Publié Le : mer, Déc 20th, 2017

Retrait des avocats de l’ex-ministre jugé pour la mort de soldats de l’ONU en Côte d’Ivoire

Les avocats de la défense de l’ancien ministre ivoirien Hubert Oulaye, accusé de complicité d’assassinat dans le cadre de la mort de sept Casques bleus et huit civils en 2012, ont quitté l’audience mardi, au deuxième jour du procès, en guise de protestation contre «une violation manifeste des droits de la défense».

Me Toussaint Dako, l’un des avocats de la défense a qualifié devant des journalistes, d’«amateurisme», le fait de ne pas disposer de plusieurs pièces produites par le parquet devant la cour d’assises d’Abidjan, notamment des procès-verbaux d’audition de la DST (Direction de la surveillance du territoire), sur lesquelles est fondé le dossier de l’accusation.

Son client, Hubert Oulaye, 64 ans, ancien ministre de la Fonction publique sous le mandat de l’ex-président Laurent Gbagbo dans les années 2000, est accusé d’être l’instigateur d’une attaque en 2012, qui a couté la vie à Sept Casques bleus nigériens de l’Opération de l’ONU en Côte d’Ivoire (Onuci) et huit civils, non loin de Guiglo, une région de l’ouest de la Côte d’Ivoire, dont il est originaire et avait été le député.
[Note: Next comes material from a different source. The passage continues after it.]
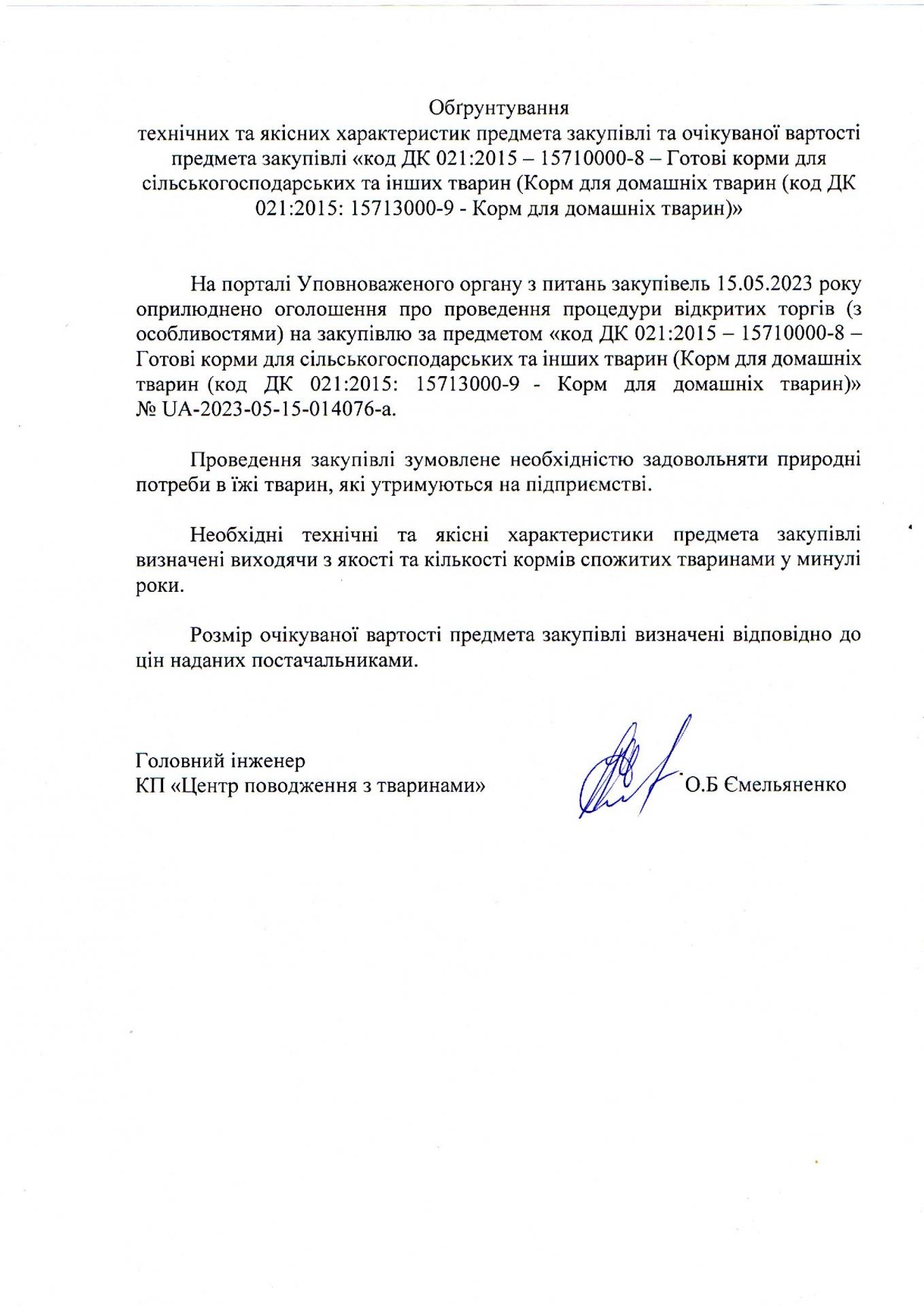 Обґрунтування закупівлі корім для тварин на 2023 рік

Oulaye qui a déjà fait deux ans de détention préventive entre mai 2015 et juin 2017, aurait fourni, via des intermédiaires, deux millions de francs CFA (3.000 euros) pour acheter des armes à des hommes pour perpétrer des attaques, alors qu’il vivait en exil au Ghana.

A l’ouverture de l’audience mardi matin, il  a clamé son innocence dans une déclaration solennelle où il a critiqué point par point le dossier d’accusation, accusant la DST d’avoir fabriqué des preuves pour l’incriminer et la justice de le poursuivre pour des raisons « politiques ».
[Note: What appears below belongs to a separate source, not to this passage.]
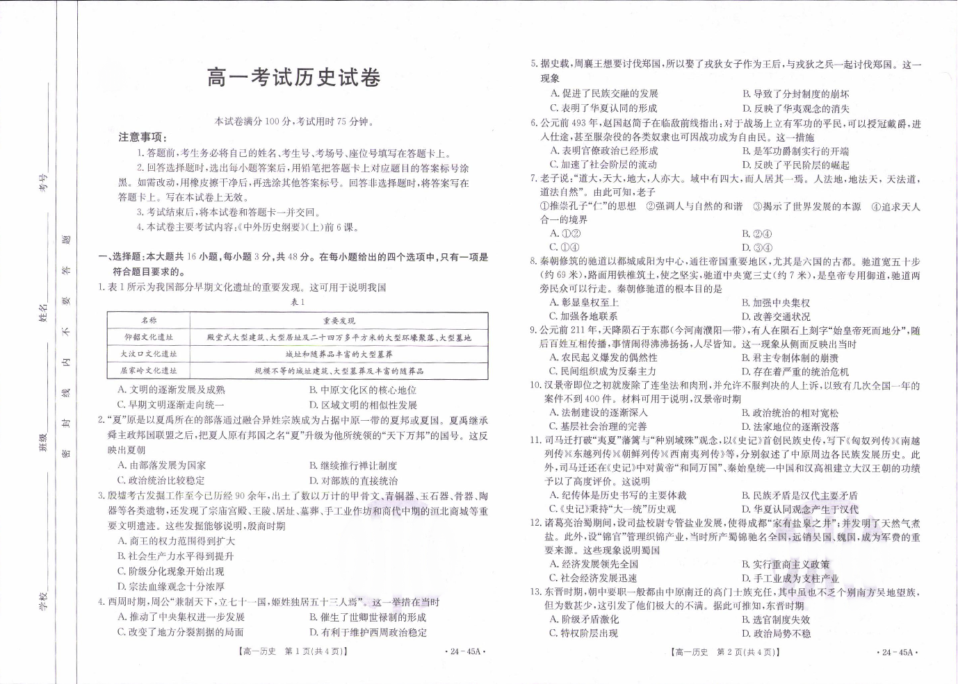 辽宁省县级重点高中联合体2023-2024学年高一上学期10月联考历史

Oulaye avait été arrêté six mois après son retour d’exil, et selon ses avocats, il paie pour après avoir participé à une réunion de « frondeurs » du Front populaire ivoirien (FPI), le parti de Laurent Gbagbo.

Le procureur général du tribunal d’Abidjan, Léonard Lebry, a toute fois récusé cette thèse, affirmant que les pièces contestées figuraient bien au dossier.

Le procès Oulaye doit reprendre jeudi, en attendant ceux de trois autres personnalités du régime Gbagbo qui doivent se tenir de décembre à janvier.

L’ancien ministre de la Défense Lida Kouassi, le commandant de gendarmerie Jean-Noël Abéhi, et Simon Ehivet, un frère de Simone Gbagbo (épouse de l’ex-président Gbagbo), doivent être jugés pour complot contre l’autorité de l’Etat.